Я сижу в старом кресле, единственном предмете мебели, Бог знает как уцелевшем в этом пустом холодном доме, закутанный в пёстрое бабье тряпьё и взгляд мой без цели блуждает среди теней, чьей-то чужой неведомой мне жизни. Что я здесь делаю, как попал сюда, зачем?
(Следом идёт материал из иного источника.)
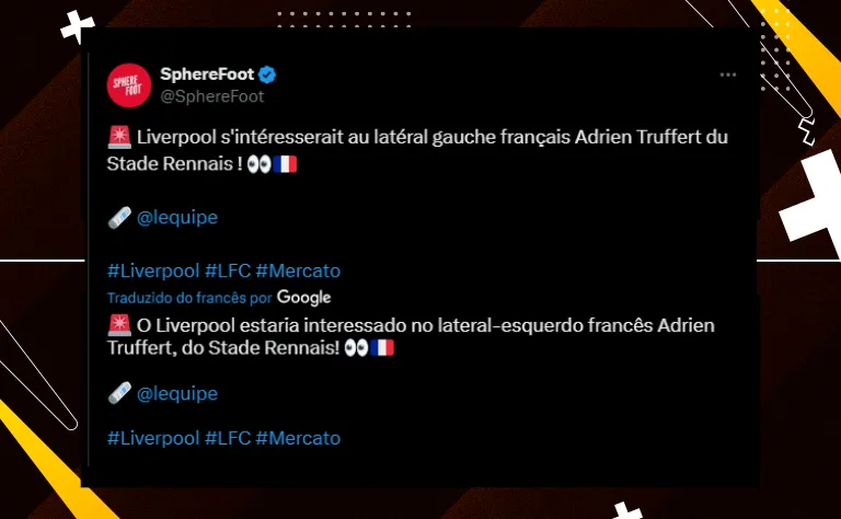 Isso porque o gigante clube inglês busca um substituto a longo prazo para o lateral-esquerdo da equipe, Andy Robertson. E os Reds já têm um jogador na mira. Trata-se de Adrien Truffert, jovem francês que atua pelo Rennes.

И, кто я?

«Тела живых существ исчезли в прахе, и вечная материя обратила их в камни, в воду, в облака, а души их всех слились в одну. Общая мировая душа – это я… я…» Что это? Кажется, из «Чайки». На коленях у меня лежит старая тетрадь в выцветшем коленкоровом переплёте, которую я извлёк из груды хлама в углу комнаты, вся исписанная нервным размашистым почерком. Вверху тетради стоят две заглавные буквы «К. Т.» - то ли иницалы, то ли… не может быть.

Он был тогда влюблён, а она мечтала стать актрисой, и он писал это для неё. Как её звали? Нина? Да, Нина… дочка здешнего богатого помещика, фамилию запамятовал. Когда она уехала, то взяла сценический псевдоним Заречная. Она тоже была влюблена тогда, но не в него, а в известного беллетриста, с которым жила его мать, и трепетом её сердца наполнялись слова о «мировой душе», смысла которых она не понимала, но верила в своё призвание и свою любовь, и была счастлива и прекрасна.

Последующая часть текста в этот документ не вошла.